Data are presented as n or n (%). B₁ contains three first-order and three texture features; B₂ contains three first-order and three texture features; B₃ contains 2 first-order and 4 texture features. MDT, mass doubling time.

Extraction and selection of radiomic features and establishment of radiomics labels

Using the diagnostic threshold for unstable nodules at MDT value of 813, 1,026, and 1,170 days, the importance ranking based on GINI index of random forest models is presented in Figure 9. The top six features were selected and are presented in Table 5. Support vector machines were then used to establish radiomics models B₁, B₂, and B₃ for predicting instability.

Figure 9 Feature importance ranking of groups B₁ (A), B₂ (B), and B₃ (C) sorted by the magnitude of GINI index based on random forest modelling. B₁ contains three first-order and three texture features; B₂ contains three first-order and three texture features; B₃ contains 2 first-order and 4 texture features. GINI, Genetic Inheritance Index.

Table 5

Statistics of the histological characteristics included in imaging radiomics model B for predicting instability

Radiomics models	The most relevant feature
Radiomics model B₁	wavelet.LHH-glcm-ClusterShade
	wavelet.LLH-glcm-ClusterShade
	wavelet.HLH-firstorder-Median
	original-gldm-DependenceVariance
	wavelet.HHH-firstorder-Skewness
	wavelet.LHL-firstorder-10Percentile
Radiomics model B₂	wavelet.HHH-firstorder-Median
	wavelet.LLH-glszm-SizeZoneNonUniformityNormalized
	wavelet.HHL-firstorder-Median
	wavelet.LHH-glcm-ClusterShade
	wavelet.HLH-glcm-ClusterShade
	wavelet.LHL-firstorder-Kurtosis
Radiomics model B₃	wavelet.LLH-glcm-ClusterShade
	wavelet.LHH-glcm-ClusterShade
	wavelet.LHH-glszm-ZoneVariance
	wavelet.HLH-firstorder-Median
	wavelet.HLH-glcm-MCC
	wavelet.LLH-firstorder-Skewness

Model B₁ contains three first-order and three texture features; model B₂ contains three first-order and three texture features; model B₃ contains 2 first-order and 4 texture features.
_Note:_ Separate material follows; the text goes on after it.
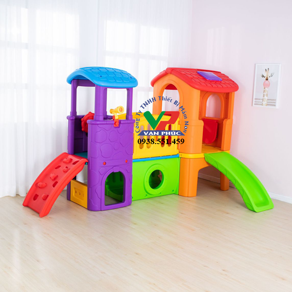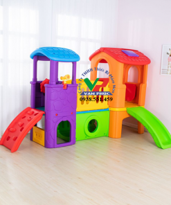 Nhà chơi cầu trượt 2 khối có thiết kế đặc biệt với 2 khối nhà leo cầu trượt nối liền với nhau bằng một lối đi ở giữa. Bộ nhà leo cầu trượt tích hợp nhiều trò chơi khác nhau bao gồm: leo núi, cầu trượt, hầm chui, đài quan sát, tạo cơ hội cho bé vui chơi, phát triển toàn diện cả về thể chất và trí tuệ. Mời bạn cùng tìm hiểu sâu hơn về mẫu nhà chơi cầu trượt 2 khối qua phần mô tả dưới đây.

The ROC curve analysis between different models (model B₁, B₂ and B₃) is shown in Table 6 (Figure 10). The highest accuracy and AUC values were observed for the model using images to predict instability (model B₁) when the MDT threshold was set at 813 days. The output of model B₁ showed good to perfect accordance with the actual incidence of the data, as demonstrated in Figure 11.

Table 6

Analysis of ROC curves for different radiomics models predicting instability

Histological model	Sensitivity	Specificity	Accuracy rate	Kappa	AUC (95% CI)	Averaged AUC (95% CI)
B₁	0.71	0.83	0.78	0.54	0.89 (0.83–0.94)	0.72 (0.62–0.81)
B₂	0.54	0.77	0.65	0.30	0.80 (0.72–0.88)	0.62 (0.51–0.72)
B₃	0.76	0.60	0.69	0.37	0.81 (0.73–0.89)	0.67 (0.57–0.78)
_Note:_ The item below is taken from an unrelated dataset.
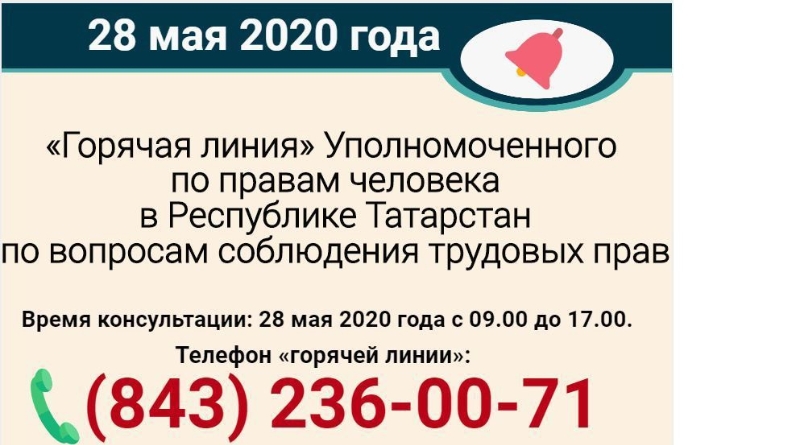 2020 елның 28 маенда Татарстан Республикасында Кеше хокуклары буенча вәкаләтле вәкил гражданнарга хокукый ярдәм күрсәтү һәм гражданнарның хокукларын саклауны тәэмин итү максатыннан республика гражданнарының хезмәт хокукларын яклау мәсьәләләре буенча «кайнар линия» үткәрә. Татарстан Республикасында Кеше хокуклары буенча вәкаләтле вәкил, Татарстан Республикасы Прокуратурасы, Татарстан Республикасы Хезмәт, мәшгульлек һәм социаль яклау министрлыгы һәм Татарстан Республикасы буенча Дәүләт хезмәт инспекциясе вәкилләре гражданнарга тулы мәгълүмат алырга, бәхәсле хәлләрне аңлатырга ярдәм итәчәкләр. "Кайнар линия" телефоны: (843) 236-00-71. Консультация вакыты: 9 сәгатьтән алып 17 сәгатькә кадәр.

Model B₁ contains three first-order and three texture features; model B₂ contains three first-order and three texture features; model B₃ contains 2 first-order and 4 texture features. ROC, receiver operating characteristic; AUC, area under the curve; CI, confidence interval.

Figure 10 The analysis of ROC curves for identifying stable and unstable nodules using radiomics models (A,B) B₁ (A₁ tested on training, A₂ using 50 resamples), (C,D) B₂ (B₁ tested on training, B₂ using 50 resamples), and (E,F) B₃ (C₁ tested on training, C₂ using 50 resamples). ROC, receiver operating characteristic.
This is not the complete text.